Work order – Starting at the line with "Wir sind heute", retype every remaining line of the records exactly. Do not include pictures.
Supplied data Block Start
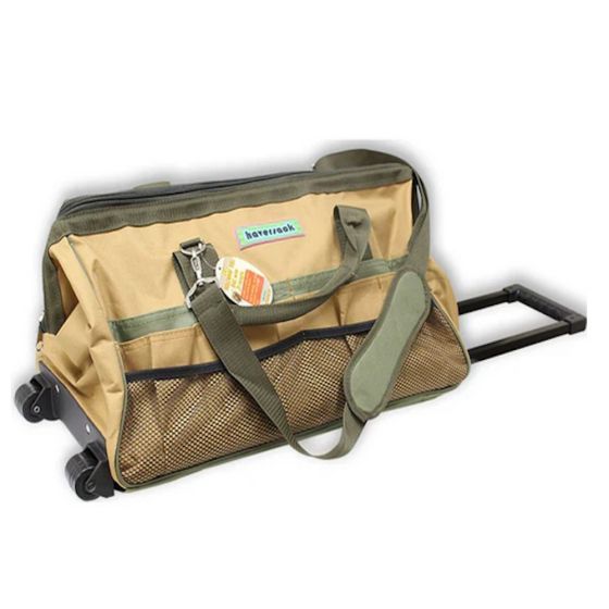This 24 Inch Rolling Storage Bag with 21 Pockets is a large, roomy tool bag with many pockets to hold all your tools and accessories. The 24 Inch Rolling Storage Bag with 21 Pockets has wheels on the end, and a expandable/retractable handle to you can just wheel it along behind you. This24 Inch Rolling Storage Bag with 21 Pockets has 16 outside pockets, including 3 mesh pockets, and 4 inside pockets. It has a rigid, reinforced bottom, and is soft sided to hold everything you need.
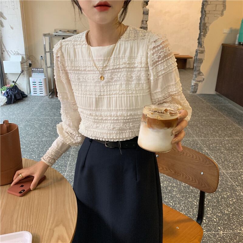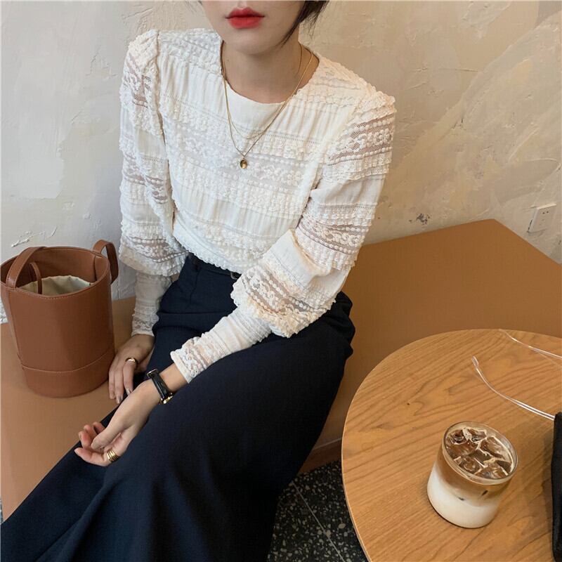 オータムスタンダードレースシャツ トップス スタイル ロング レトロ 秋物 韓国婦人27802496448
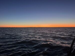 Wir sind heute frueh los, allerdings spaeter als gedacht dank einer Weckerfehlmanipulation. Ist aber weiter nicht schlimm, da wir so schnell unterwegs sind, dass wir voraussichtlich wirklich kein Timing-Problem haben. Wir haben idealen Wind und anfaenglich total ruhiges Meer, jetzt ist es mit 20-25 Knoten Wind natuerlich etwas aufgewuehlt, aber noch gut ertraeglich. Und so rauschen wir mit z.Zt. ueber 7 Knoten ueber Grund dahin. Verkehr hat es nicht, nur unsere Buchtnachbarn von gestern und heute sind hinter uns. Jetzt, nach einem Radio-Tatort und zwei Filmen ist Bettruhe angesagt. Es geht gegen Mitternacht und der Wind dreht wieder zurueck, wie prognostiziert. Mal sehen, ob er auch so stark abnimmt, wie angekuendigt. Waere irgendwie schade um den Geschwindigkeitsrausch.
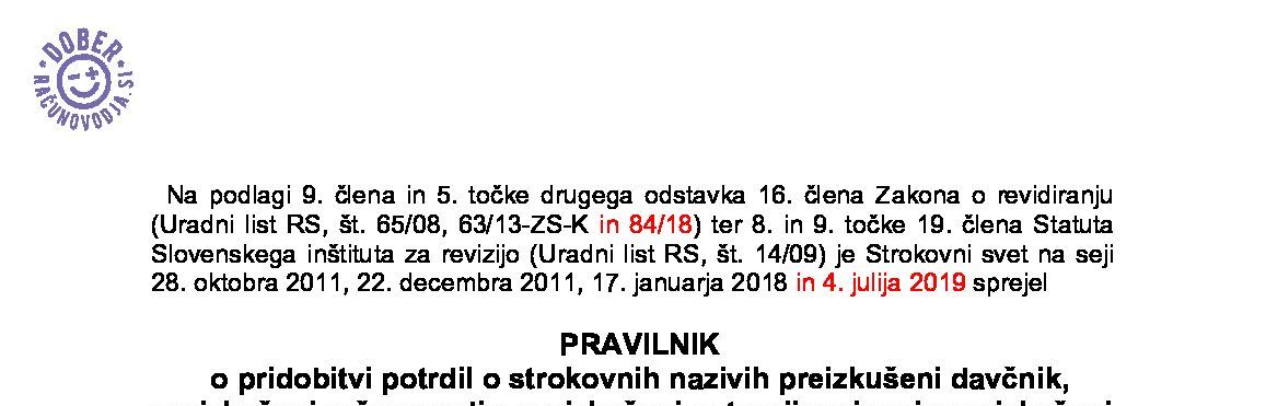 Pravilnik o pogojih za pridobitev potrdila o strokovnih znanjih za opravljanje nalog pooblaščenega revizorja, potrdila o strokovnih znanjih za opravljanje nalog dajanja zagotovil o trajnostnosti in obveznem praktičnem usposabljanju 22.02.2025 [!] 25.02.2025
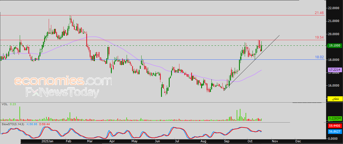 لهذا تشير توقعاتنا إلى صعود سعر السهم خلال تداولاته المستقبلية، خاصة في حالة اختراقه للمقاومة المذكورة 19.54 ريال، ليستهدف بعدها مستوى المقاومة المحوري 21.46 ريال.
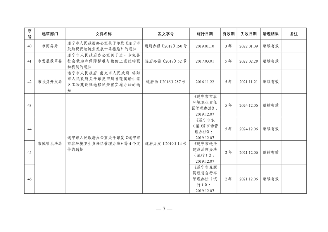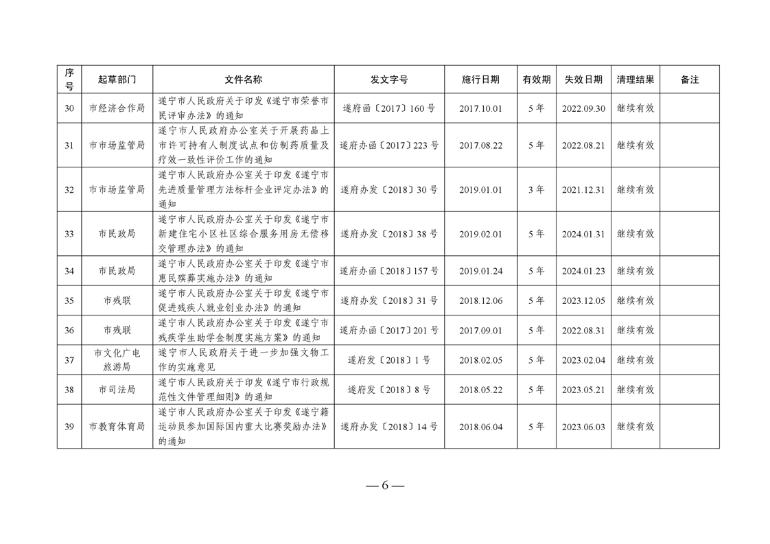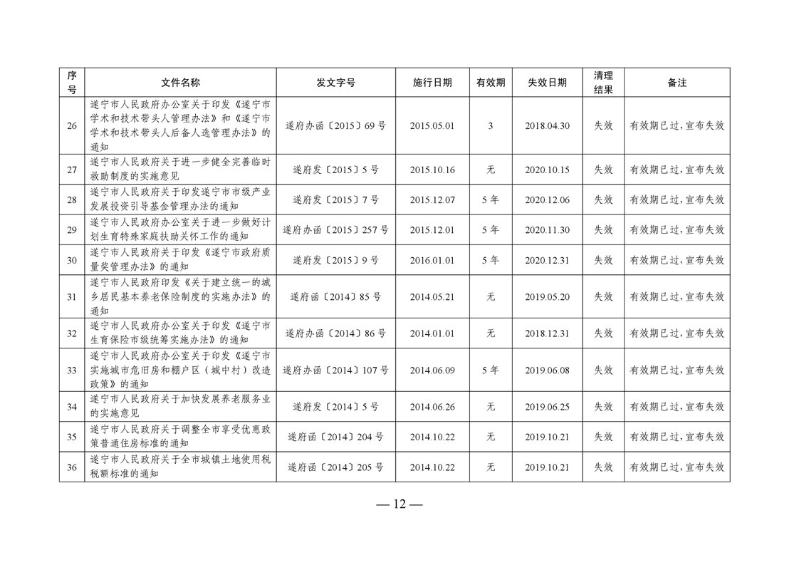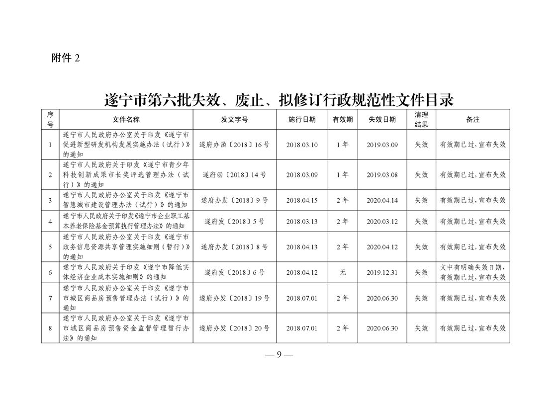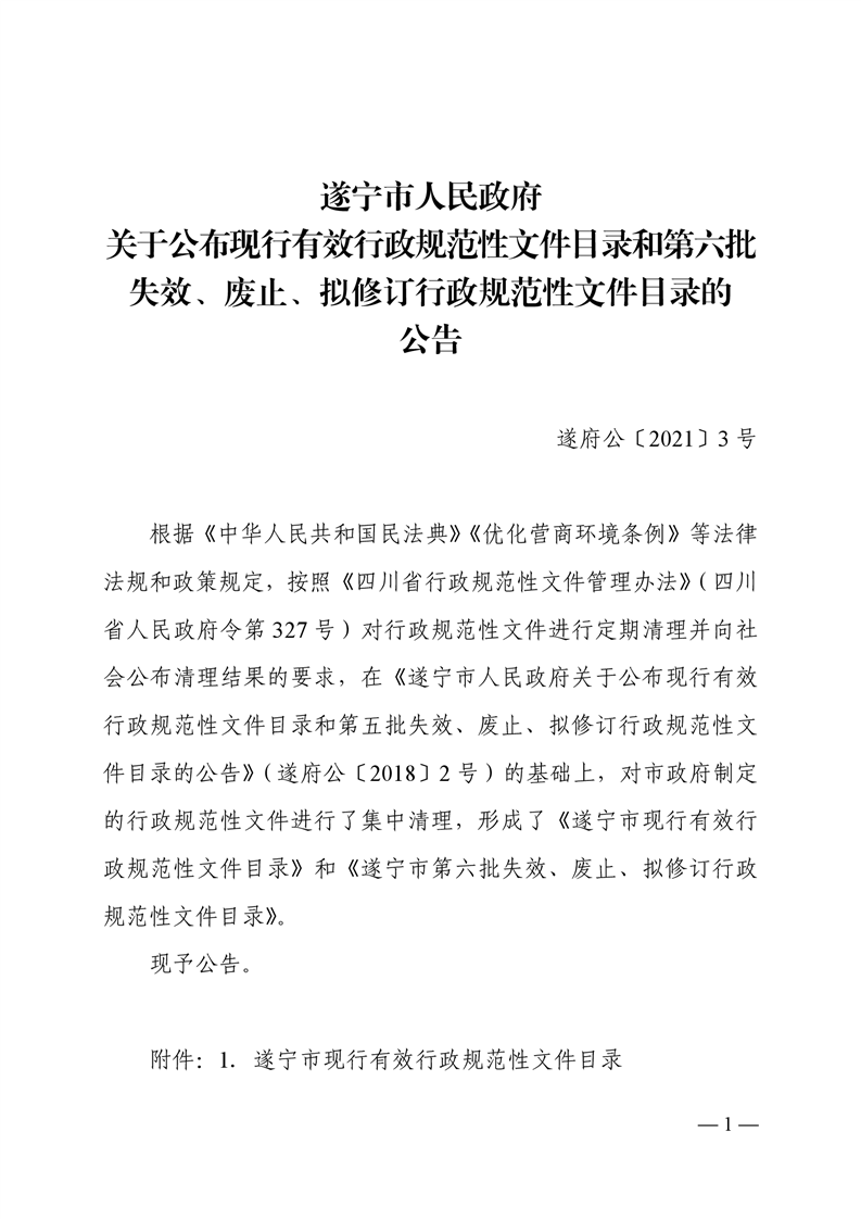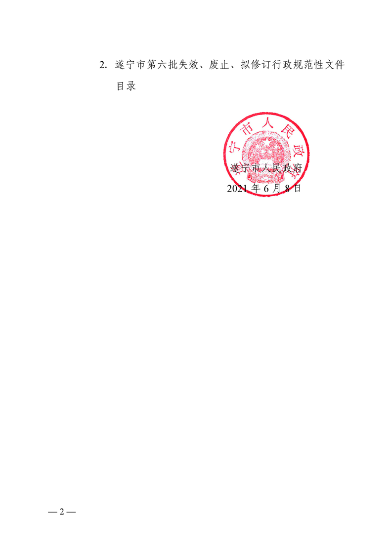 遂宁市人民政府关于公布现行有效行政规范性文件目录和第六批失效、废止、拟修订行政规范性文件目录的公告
Supplied data Block End
Output –
 Wir sind heute frueh los, allerdings spaeter als gedacht dank einer Weckerfehlmanipulation. Ist aber weiter nicht schlimm, da wir so schnell unterwegs sind, dass wir voraussichtlich wirklich kein Timing-Problem haben. Wir haben idealen Wind und anfaenglich total ruhiges Meer, jetzt ist es mit 20-25 Knoten Wind natuerlich etwas aufgewuehlt, aber noch gut ertraeglich. Und so rauschen wir mit z.Zt. ueber 7 Knoten ueber Grund dahin. Verkehr hat es nicht, nur unsere Buchtnachbarn von gestern und heute sind hinter uns. Jetzt, nach einem Radio-Tatort und zwei Filmen ist Bettruhe angesagt. Es geht gegen Mitternacht und der Wind dreht wieder zurueck, wie prognostiziert. Mal sehen, ob er auch so stark abnimmt, wie angekuendigt. Waere irgendwie schade um den Geschwindigkeitsrausch.
 Pravilnik o pogojih za pridobitev potrdila o strokovnih znanjih za opravljanje nalog pooblaščenega revizorja, potrdila o strokovnih znanjih za opravljanje nalog dajanja zagotovil o trajnostnosti in obveznem praktičnem usposabljanju 22.02.2025 [!] 25.02.2025
 لهذا تشير توقعاتنا إلى صعود سعر السهم خلال تداولاته المستقبلية، خاصة في حالة اختراقه للمقاومة المذكورة 19.54 ريال، ليستهدف بعدها مستوى المقاومة المحوري 21.46 ريال.
 遂宁市人民政府关于公布现行有效行政规范性文件目录和第六批失效、废止、拟修订行政规范性文件目录的公告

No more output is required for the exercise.